Top of EXERCISE MATERIAL

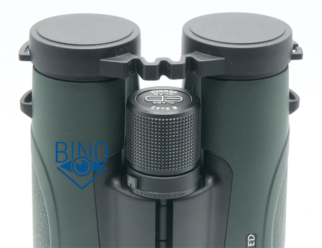 При вращении кольца правый окуляр остаётся неподвижным, коррекция осуществляется перемещением правой фокусировочной линзы внутри тубуса. Разметка нуля на основании кольца ощущается плохо, выставить ноль в темноте на ощупь не получится.
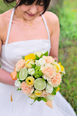 フルーツの香りが、ほのかに香る。ライム・オレンジを使った異色のブーケ。ゲストからの注目まちがいなし!
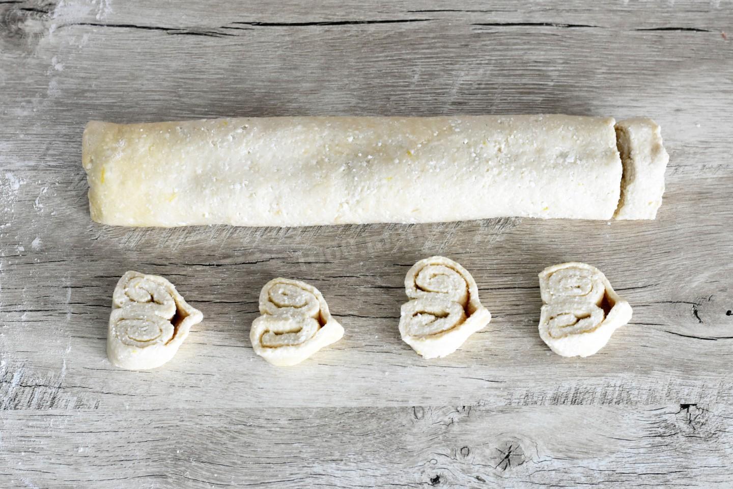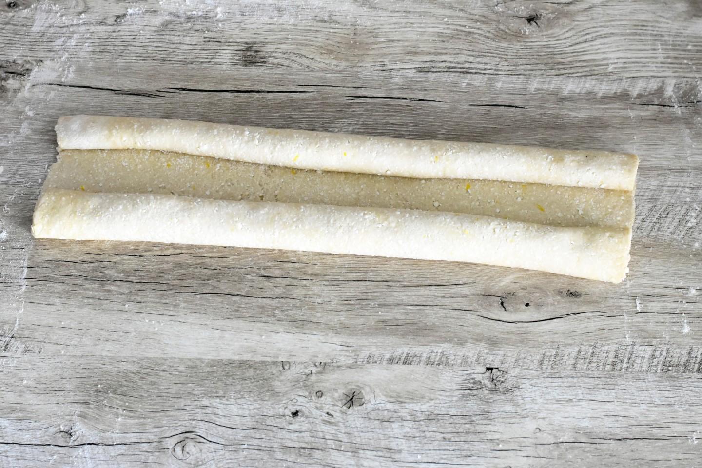 Противоположные края теста скатайте рулетиками от краев, так, чтобы они соединились к середине.
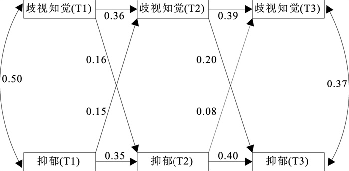 变量 歧视知觉(T1) 抑郁(T1) 孤独感(T1) 歧视知觉(T2) 抑郁(T2) 孤独感(T2) 歧视知觉(T3) 抑郁(T3) 抑郁(T1) 0.50 孤独感(T1) 0.55 0.58 歧视知觉(T2) 0.43 0.31 0.30 抑郁(T2) 0.32 0.44 0.33 0.47 孤独感(T2) 0.23 0.30 0.37 0.40 0.52 歧视知觉(T3) 0.34 0.35 0.36 0.41 0.28 0.26 抑郁(T3) 0.29 0.40 0.36 0.40 0.50 0.03 0.48 孤独感(T3) 0.27 0.28 0.44 0.35 0.30 0.35 0.52 0.57 注:P值均 < 0.01。 -
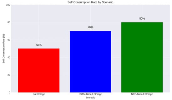 The findings of this study underscore the significant advantages of integrating advanced predictive models with energy storage systems. The primary metrics for evaluation—energy costs and self-consumption rates—both show substantial improvement with the introduction of the storage system, particularly when managed using NCP-based policies.
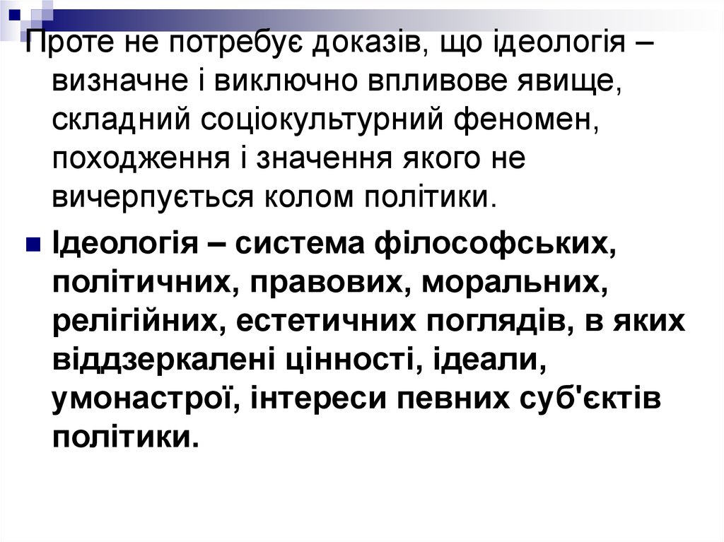 Проте не потребує доказів, що ідеологія –визначне і виключно впливове явище,

Bottom of EXERCISE MATERIAL

### PROBLEM
Copy only these lines from the records above, exactly: the one with "フルーツの香りが、ほのかに香", the one with "变量 歧视知觉(T1) 抑郁(T1)", and those between. Skip the pictures.

### ANSWER SECTION
 フルーツの香りが、ほのかに香る。ライム・オレンジを使った異色のブーケ。ゲストからの注目まちがいなし!
 Противоположные края теста скатайте рулетиками от краев, так, чтобы они соединились к середине.
 变量 歧视知觉(T1) 抑郁(T1) 孤独感(T1) 歧视知觉(T2) 抑郁(T2) 孤独感(T2) 歧视知觉(T3) 抑郁(T3) 抑郁(T1) 0.50 孤独感(T1) 0.55 0.58 歧视知觉(T2) 0.43 0.31 0.30 抑郁(T2) 0.32 0.44 0.33 0.47 孤独感(T2) 0.23 0.30 0.37 0.40 0.52 歧视知觉(T3) 0.34 0.35 0.36 0.41 0.28 0.26 抑郁(T3) 0.29 0.40 0.36 0.40 0.50 0.03 0.48 孤独感(T3) 0.27 0.28 0.44 0.35 0.30 0.35 0.52 0.57 注:P值均 < 0.01。 -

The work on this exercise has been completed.